As for wireless communication, the Symbol handheld devices come equipped with integrated 802.11 radios.

The VA's bar coding system also includes a security regimen. Any wireless environment calls for security. Health care providers have the added duty of protecting patient data and complying with the Health Insurance Portability and Accountability Act requirements.

Bill Hartwell, vice president of Symbol's federal government systems, identified encrypted solutions certified under Federal Information Processing Standards as critical parts of the package. In the VA's case, Fortress Technologies provides the necessary Layer 2 encryption, he added.

When put into practice, the handheld device provides wireless access to a hospital's electronic medication administration record system. That system details the medication and dosage scheduled for a given patient. A nurse scans a bar code on a patient's wristband and scans the bar code on the medication to be administered.

The system then checks the 'five rights': Is the right patient receiving the right medication at the right dosage through the right route of administration at the right time?

The benefits of automation aside, Carlson emphasized that a bar code medication system fails to replace a nurse's clinical judgment. A computer augments nurses' practice, but they still have to perform their own checks, he explained.

The pursuit of bar coding

Hospitals following bar coding's pioneers should have a fairly easy go of it, at least on the technology side. That's particularly the case for providers equipped with robust wireless networks, industry executives say.

'If the infrastructure is in place already'putting a bar coding medication solution on top isn't difficult to do,' said Maryam Esfarjani, senior associate at Booz Allen Hamilton.

'The technology is relatively easy to implement if [health care providers] have the foundation,' Kubiak added.

For an increasing number of hospitals that foundation will consist of an 802.11g network, Tighe said.
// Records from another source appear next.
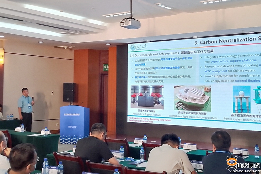 山东大学青岛校区常务副校长韩建新出席海洋新能源产业发展论坛并致辞。刘延俊教授在海洋新能源产业发展论坛作“碳中和新星:海洋可再生能源”专题报告,围绕海洋可再生能源开发潜力、开发技术、助力碳中和展开论述,并就山东省海洋可再生能源发展前景和海洋可再生能源规模化利用问题回答记者。他表示,储量大、种类多的海洋可再生能源推动了“零碳”电力技术发展,成为碳减排的重要组成部分;“就地取能,海能海用”的发展理念也将促进碳汇渔业等新兴技术领域的发展,增强海洋“负排放”作用。因此,海洋可再生能源能够在碳减排、碳增汇两端发力,成为实现“碳中和”新星。刘延俊教授从山东省海域情况、科技基础、海能海用、多能互补四个方面深入剖析了我省海洋可再生能源的发展前景;同时从海洋能开发利用技术和市场资本关注度两方面分析了海洋可再生能源的产业化进程,并结合我省省情对如何规模化利用海洋能提出了建设性的建议。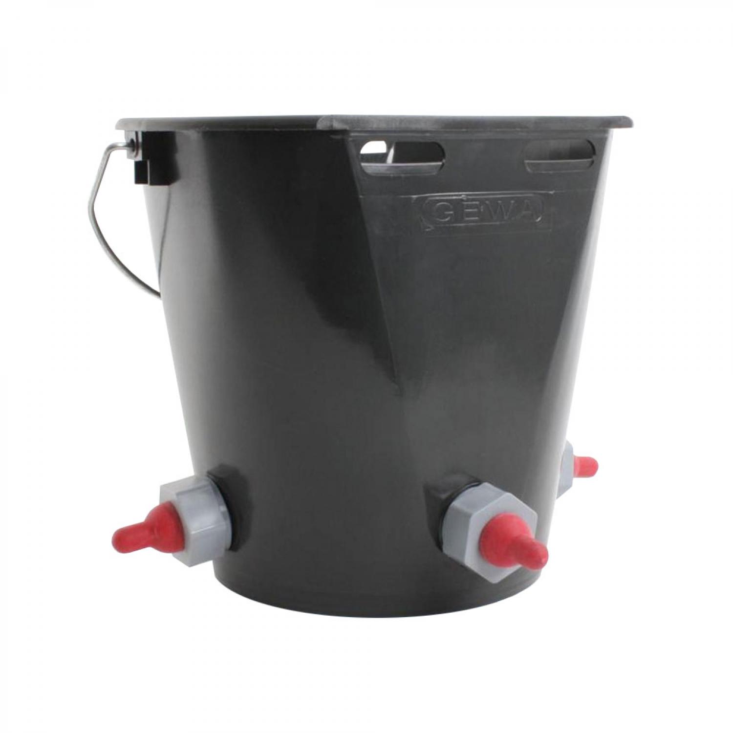 Gewa 8ltr suckling bucket comes complete with 3 lamb teats, 3 valves and handy holder plate. Suitable for food use, cadmium-free and acid resistant.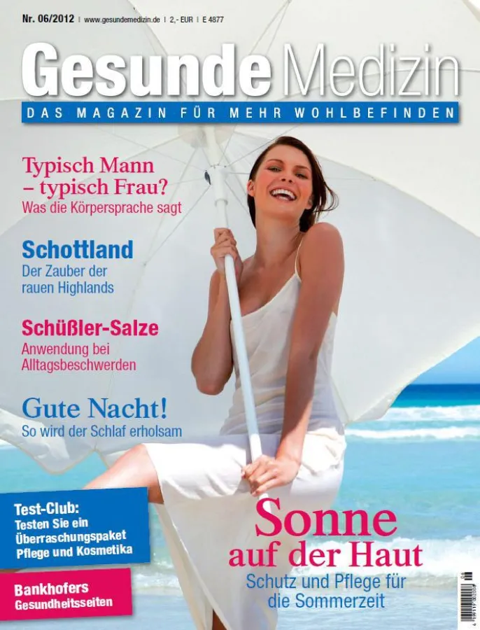 Weitere Themen im Heft sind unter anderem „Sonne auf der Haut – Schutz und Pflege für die Sommerzeit“, „Schüssler Salze – Anwendung bei Alltagsbeschwerden“ und „Typisch Mann – typisch Frau? Was die Körpersprache sagt“.

The 802.11g technology provides higher bandwidth than the widely used 802.11b.

Organizations lacking wireless infrastructure face an extra step but may find favorable pricing as they prepare to field a network. Kleinberg said the cost of wireless technology has dropped dramatically, enabling a 200-bed hospital to install a network for $50,000 to $150,000.
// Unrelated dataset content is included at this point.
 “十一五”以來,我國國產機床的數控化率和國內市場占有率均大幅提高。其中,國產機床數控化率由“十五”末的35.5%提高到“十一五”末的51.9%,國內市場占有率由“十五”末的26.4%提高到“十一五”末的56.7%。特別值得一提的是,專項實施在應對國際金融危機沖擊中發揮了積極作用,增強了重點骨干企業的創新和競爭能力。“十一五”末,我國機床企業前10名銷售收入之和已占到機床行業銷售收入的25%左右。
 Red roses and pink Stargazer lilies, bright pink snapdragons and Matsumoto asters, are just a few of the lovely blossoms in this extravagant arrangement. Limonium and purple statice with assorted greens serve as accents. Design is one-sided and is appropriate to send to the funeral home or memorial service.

He said the cost of the wireless network represents a relatively small portion of the overall investment in a bar code medication administration application. Kleinberg estimated the total expenditure, including hardware, software and services, from $400,000 to $2 million depending on the size of the facility.

The availability of commercial applications is another plus for hospitals considering a bar coding initiative. The FDA regulation and other patient safety efforts 'have created an increase in the vendors that'are providing the bar coding technologies,' said Chris Ghion, a principal at Booz Allen Hamilton.
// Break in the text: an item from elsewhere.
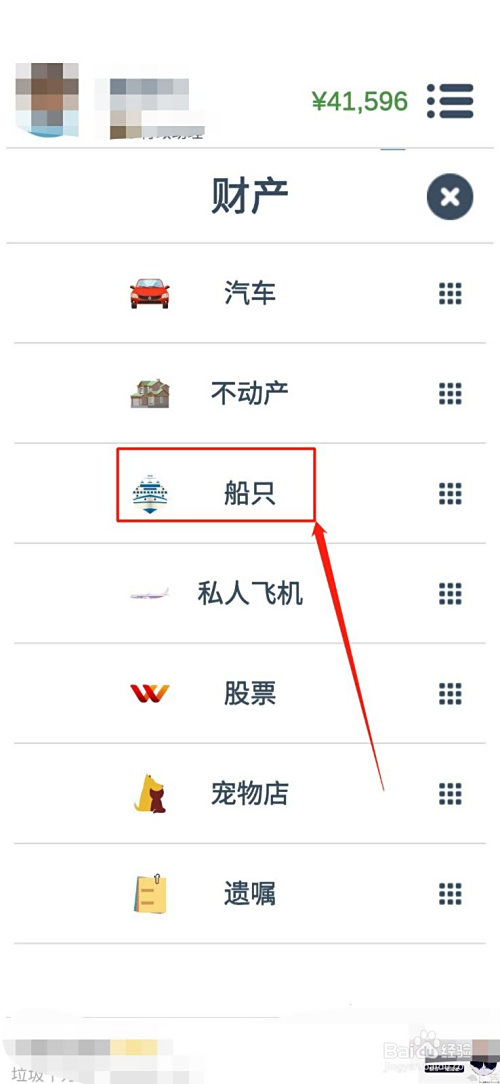 进入“财富”界面后,直接点击“财富”里第三行的“船只”,如图。

Kleinberg noted several companies with bar code medication administration installations including Cerner Bridge Medical, Eclipsys, McKessson and Siemens. Debbie Daspit, director of solution management at Cerner Bridge Medical, said bar coding interest has increased in the past six months. 'I think the industry recognizes the time to do it is now,' she said.

Culture, however, may prove to be the more daunting obstacle for bar code adopters. 'The biggest challenge is changing the work process for caregivers,' Kubiak said. Nurses accustomed to written charts will have to learn a new interface, he said.

Some nurses have used a paper-based system for 10 or more years, Carlson said. 'It's really hard to give up something that has been ingrained that long,' he added.

Carlson said some hospitals didn't want to abandon paper entirely and tried to run a bar code-driven system in parallel. The dual system caused greater issues, he said. For example, nurses found discrepancies between a medication order viewed on a computer system and one on a paper record. The former is updated in real time, but the latter requires several levels of human intervention before it can be updated.

The upshot: A hospital must change 'business processes and business practices when going from a paper system to a computerized system,' Carlson said.